This is the dark side of capitalism and what happens when capital concentrates in the hands of a small plutocracy. The health of capitalism is completely dependent on decentralized wealth. As soon as wealth starts to concentrate, oligopolies and cartels form and they put a brake on innovation in favor of rent seeking.

There's a documentary on this called "The Lightbulb Conspiracy" which is worth watching.

mseebach · on Oct 21, 2012

There's a distinction between carefully engineering something to be as cheap as possible, but still lasting for the full length of the warranty, or actively adding a feature to make something that would otherwise last for a lot longer break after the end of the warranty.

The former is just good engineering, the latter is bad.

kiba · on Oct 21, 2012

The flip side of reliability is less innovation and less of other qualities such as fuel efficiency and so forth.

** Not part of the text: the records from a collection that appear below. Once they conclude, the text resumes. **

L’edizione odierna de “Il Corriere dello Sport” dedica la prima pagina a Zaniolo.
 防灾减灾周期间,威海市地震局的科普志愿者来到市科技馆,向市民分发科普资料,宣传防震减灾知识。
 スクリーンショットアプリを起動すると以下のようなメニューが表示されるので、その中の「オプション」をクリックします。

So, it's not a dark side, because corporations are economizing in accordance to a variety of factors.

forensic · on Oct 25, 2012

> because corporations are economizing in accordance to a variety of factors.

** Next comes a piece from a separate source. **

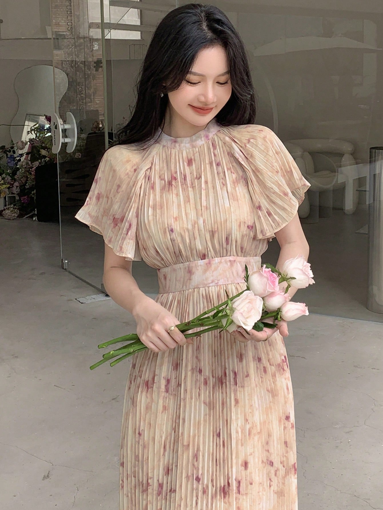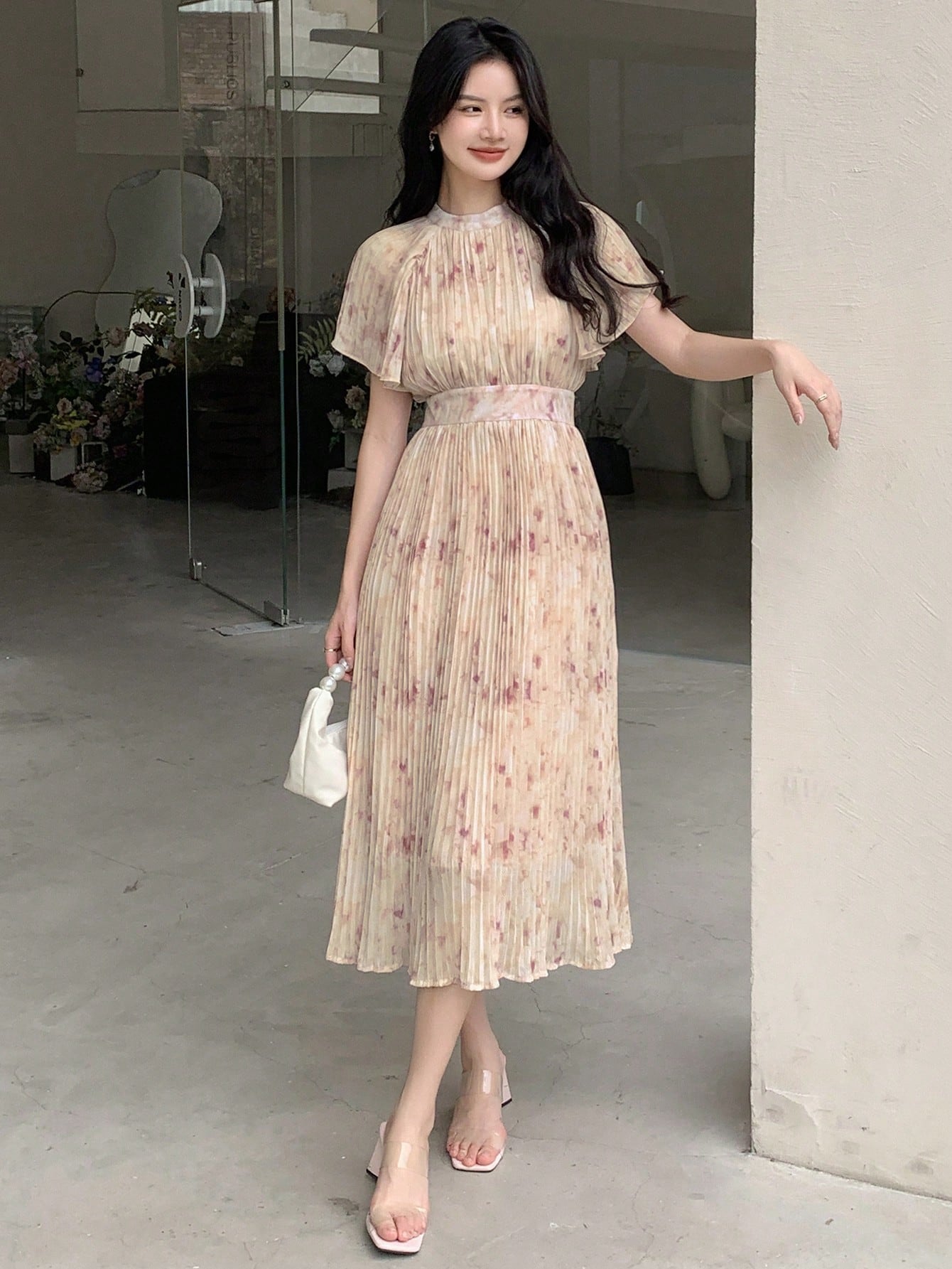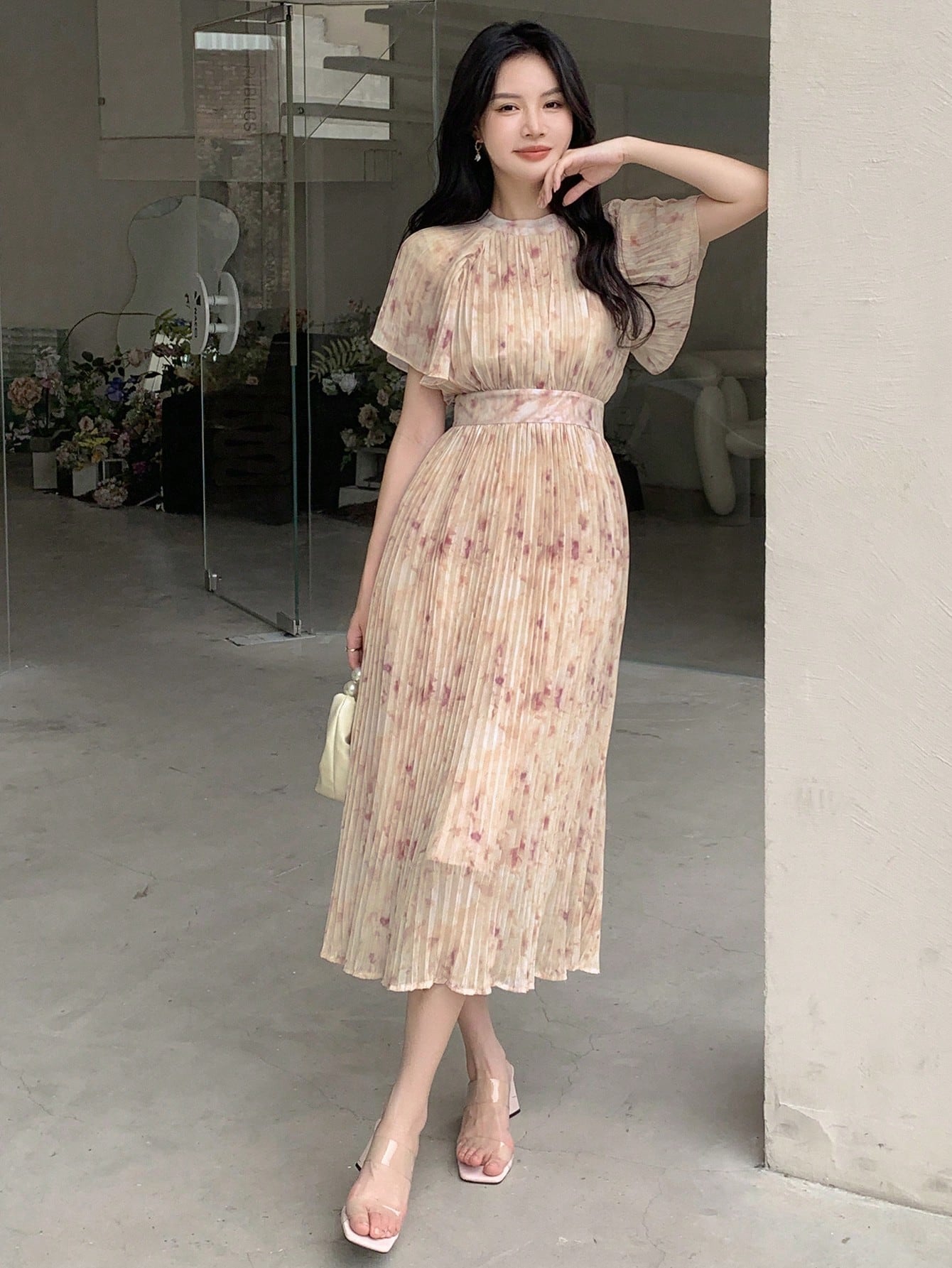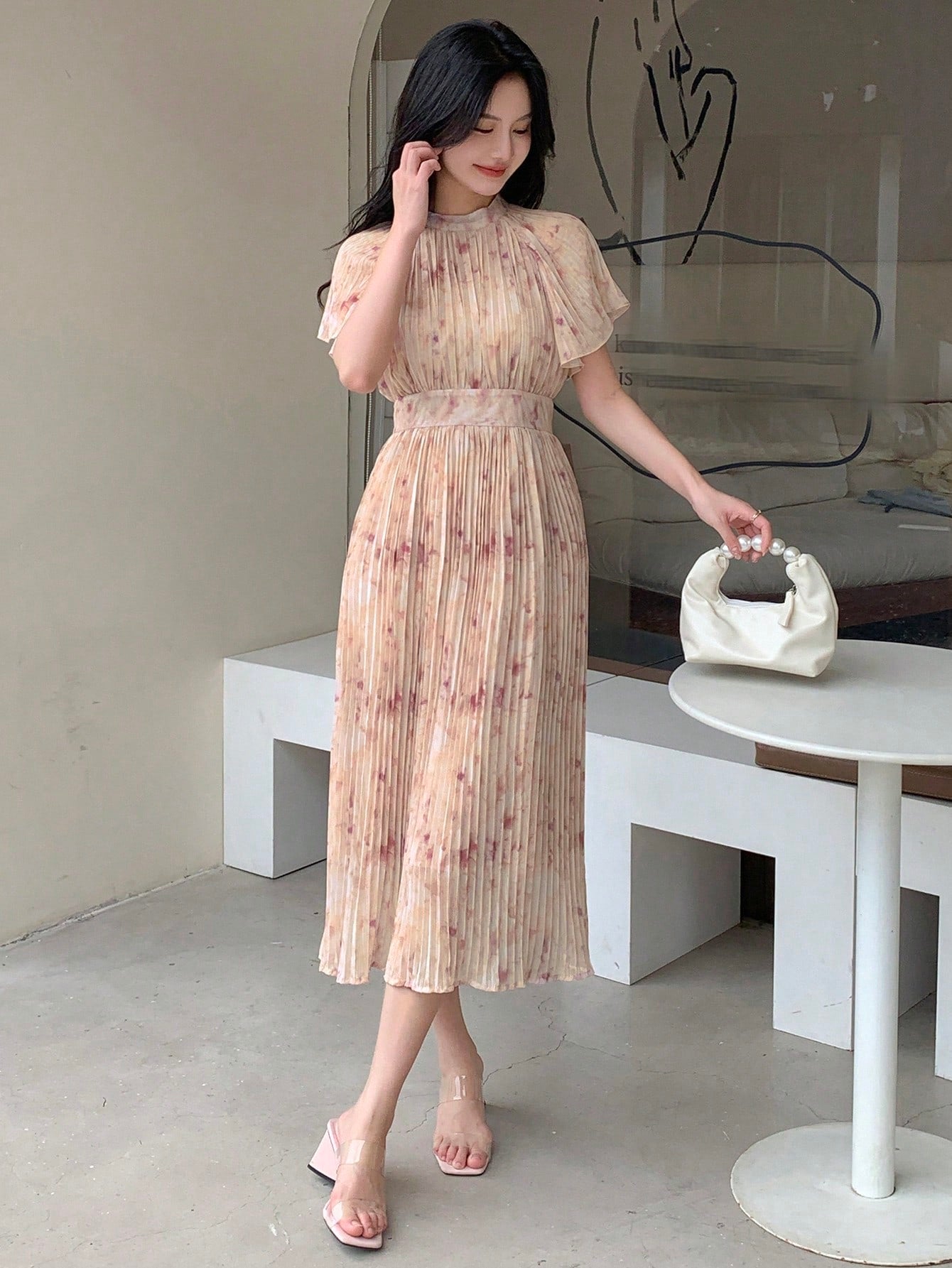 DAZY Tie Dye Pleated Detail Flounce Sleeve Dress

Except, they're not. Planned obsolescence is not about economizing for other factors, it is about rent seeking. You seem to be dismissing the findings of this research without even understanding it. The entire point is that this research has demonstrated that the planned obsolescence in question is has to do with cartel formation and rent seeking rather than striving for a competitive edge in a competitive market. This rent seeking only happens in non-competitive, oligopolistic or monopolistic markets.

Cartel formation and operation is a well understood economic phenomenon. You seem to be doubting it based on some kind of faith in the free market, some kind of faith in the infallibility of markets. Adam Smith would have strong words against this kind of naive market-worship.

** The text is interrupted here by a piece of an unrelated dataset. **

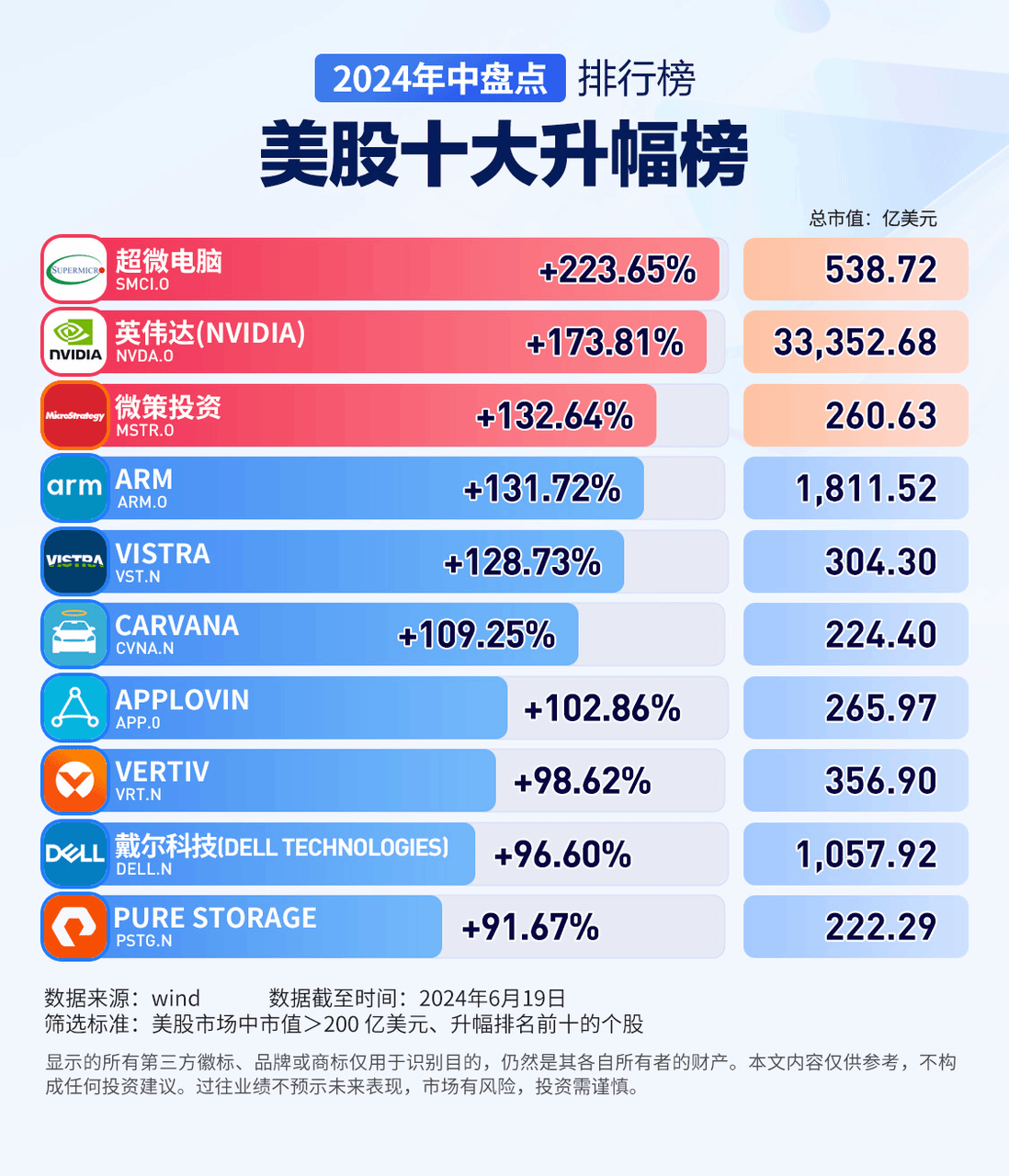 升幅榜方面,超微電腦、英偉達和微策投資以驚人的漲幅佔據了漲幅榜的前三甲。其中,英偉達在上半年無疑成為了市場中的明星企業,其“狂飆”的股價背後,是源於其強勁的業績以及晶片產品供不應求的市場局面。其股價自2023年翻倍後,今年再創新高,漲幅超160%。其合作夥伴超微電腦今年更是累計漲幅超過兩倍,自去年以來漲幅更是高達驚人的十倍。
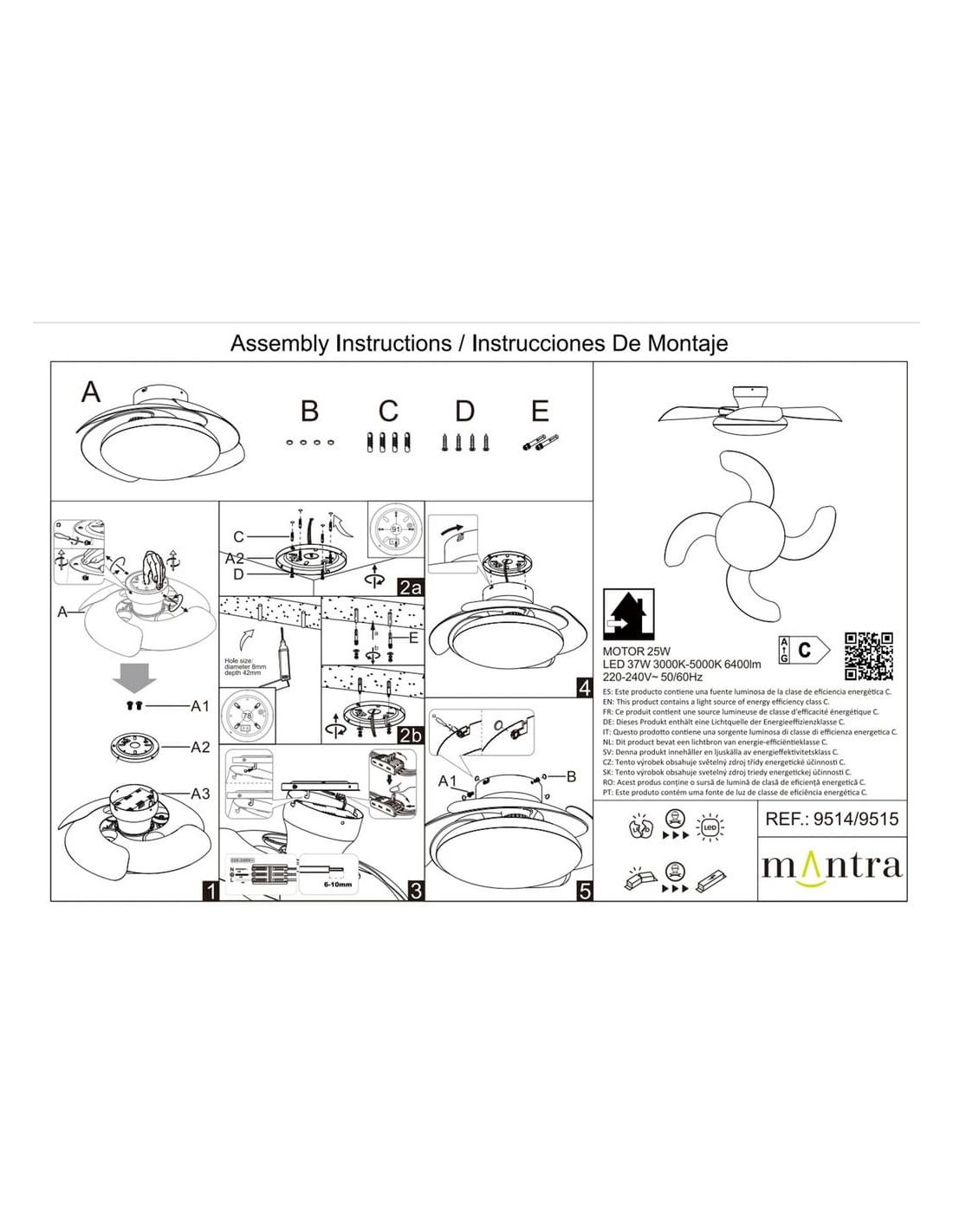 Ventilateur de plafond moderne à pales rétractables, LED ACONCAGUA blanc Ø1060mm 20W...

jseliger · on Oct 21, 2012

>It's a well established standard operating practice for the majority of companies with manufactured, mass marketed goods.

As Wikipedia and XKCD (http://xkcd.com/285/) say, [[Citation needed]].

A documentary of unknown provenance doesn't cut it: show me a book or website with an actual bibliography.

forensic · on Oct 25, 2012

You realize that XKCD is mocking people who do that, right? It's completely ridiculous to ask for citations in the context of a speech and only an idiot would do that.

In the context of writing, it is certainly appropriate to cite sources. Which is precisely why I cited my source. In turn, the source I cited, cites other sources in addition to doing investigative journalism and speaking to credentialed experts, who in their turn cite their sources.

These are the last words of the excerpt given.